Le rapport qui relance la question des drogues prises par Hitler

Un document secret de l’armée américaine, remis en lumière par Channel 4, décrit Adolf Hitler comme un consommateur régulier de méthamphétamine.

Historien consultant un rapport sur Hitler
Image d'illustration. Un rapport relance la question des drogues. — ADN

En bref

  • Adolf Hitler prenait régulièrement de la méthamphétamine
  • L’addiction est décrite comme confirmée dès 1943
  • Un rapport américain écarte d’autres rumeurs physiques

La guerre a aussi circulé dans les veines. Un documentaire de Channel 4 remet en lumière un rapport secret de l’armée américaine qui décrit Adolf Hitler comme un consommateur régulier de méthamphétamine, la substance aujourd’hui connue sous le nom de « crystal meth ».

Une drogue d’abord pensée pour tenir

Apparue en 1937, la méthamphétamine servait au départ à traiter l’asthme. Mais l’armée allemande y a vite vu autre chose, un produit capable de repousser la fatigue et de maintenir la concentration.

Pendant le début de la Seconde Guerre mondiale, les soldats allemands ont ainsi été encouragés à en prendre pour rester éveillés. Le mécanisme est simple, et brutal, plus d’énergie sur le moment, puis le revers. Le caractère addictif du produit s’est manifesté rapidement, avec des symptômes de manque chez de nombreux militaires et des cas de toxicomanie.

Chez Hitler, une consommation installée

Dans le cas de Adolf Hitler, la méthamphétamine ne semble pas avoir été un détail. Le rapport évoque un homme déjà grand consommateur de médicaments, qui testait aussi des traitements non reconnus prescrits par son médecin personnel.

Le schéma, lui, est limpide. Des stimulants pour tenir, des sédatifs pour dormir. En gros, un usage destiné à régler artificiellement le corps selon les besoins du moment. L’addiction de Hitler est présentée comme confirmée à partir de 1943.

Ce point compte, parce qu’il replace cette consommation dans une période où le régime nazi entre dans une phase plus tendue de la guerre. Le contraste est fort, un chef censé incarner le contrôle s’appuie en réalité sur des substances très lourdes.

L’été 1943 comme moment révélateur

Un épisode précis ressort. La consommation de méthamphétamine par Adolf Hitler a été constatée avant une rencontre avec Benito Mussolini, en juillet 1943.

Ce jour-là, Hitler se serait montré très agité, au point de rendre l’entrevue houleuse. Ce n’est pas la preuve de tout, mais c’est un indice concret, situé, daté, qui donne du poids au dossier.

Le même rapport des services secrets américains n’a pas validé d’autres rumeurs longtemps relayées sur sa vie intime ou sur une supposée anomalie de ses organes sexuels. Bon, le document ne ferme pas tous les débats historiques, mais il resserre clairement le sujet sur ce qu’il établit, une consommation régulière de drogues, et en particulier de méthamphétamine.

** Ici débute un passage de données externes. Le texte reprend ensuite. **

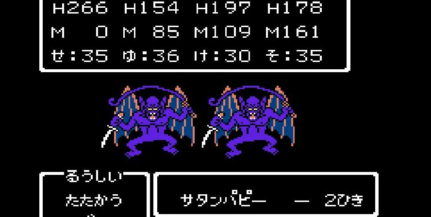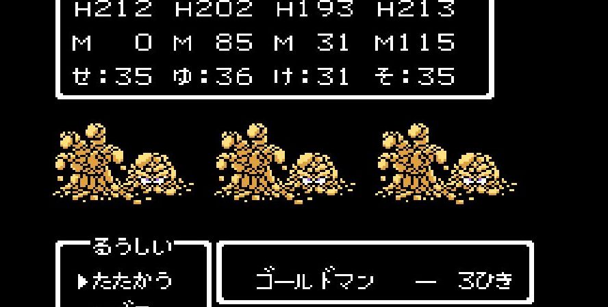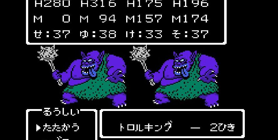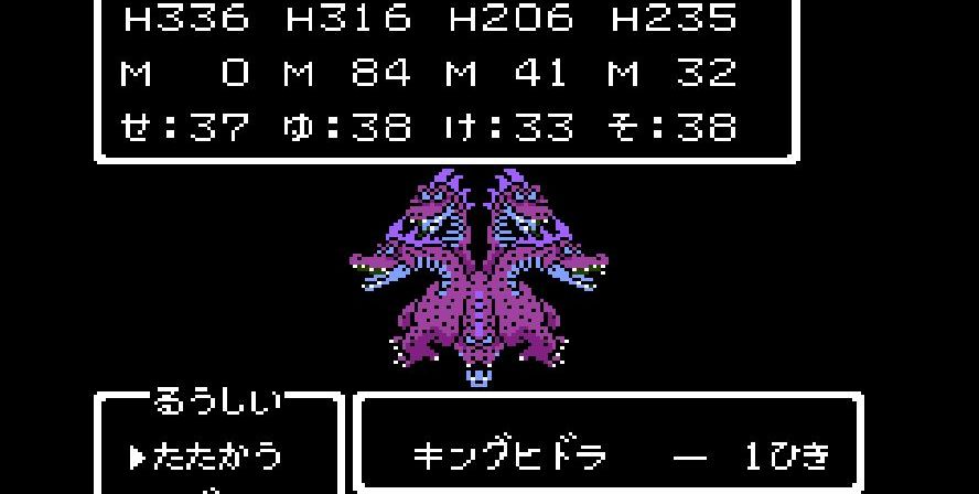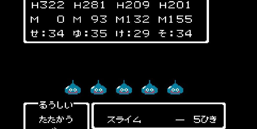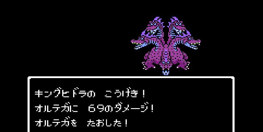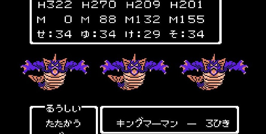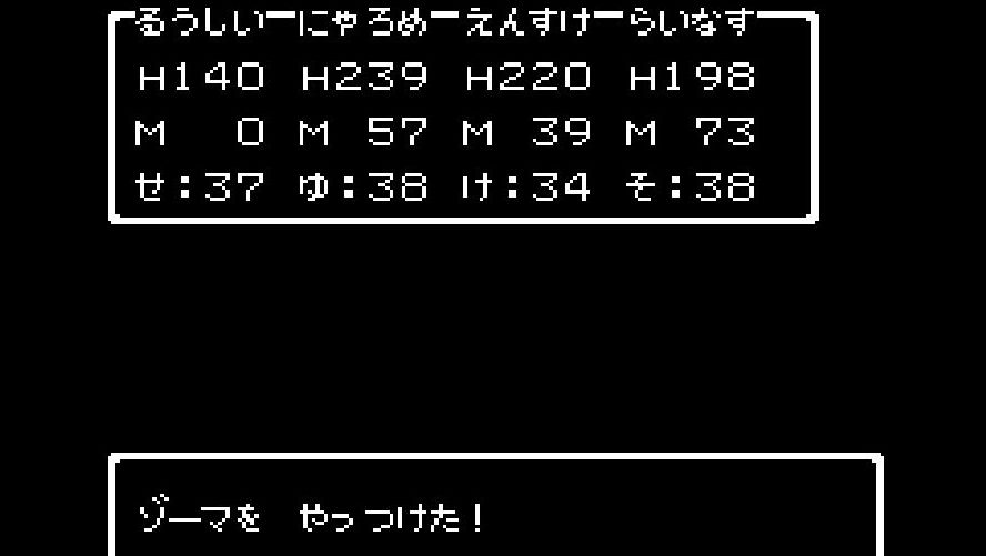 そこからは簡単だった。戦士は剣で切り裂き、勇者と賢者、僧侶が「ベホマ」攻撃を連発し、HPが危うくなったら「賢者の石」で補給。計1589ポイントを与えて撃破。

Vos questions, nos réponses

Pourquoi la méthamphétamine intéressait-elle les militaires ?

Parce qu’elle agit comme un stimulant puissant. Dans le contexte de guerre évoqué ici, elle était recherchée pour aider à rester éveillé plus longtemps et pour limiter la sensation de fatigue, au moins sur une courte durée.

Que signifie exactement une addiction confirmée en 1943 ?

Cela veut dire que le rapport présenté situe à cette date un usage assez net pour parler de dépendance, donc pas une prise occasionnelle ou anecdotique. On parle d’un recours installé, avec une logique de consommation répétée.

Le rapport dit-il autre chose sur l’état de santé d’Adolf Hitler ?

Oui, à sa manière. Il montre surtout un recours large aux médicaments, avec des stimulants et des sédatifs, ainsi que des traitements non reconnus. En revanche, il ne confirme pas certaines rumeurs anciennes sur sa sexualité ou sur son anatomie.

Pourquoi l’épisode avec Benito Mussolini est-il autant cité ?

Parce qu’il donne un point d’appui très concret. Il y a une date, un contexte diplomatique et une description du comportement d’Hitler, présenté comme agité avant une entrevue difficile avec Mussolini. Pour un dossier historique, ce type de scène pèse plus qu’une affirmation générale.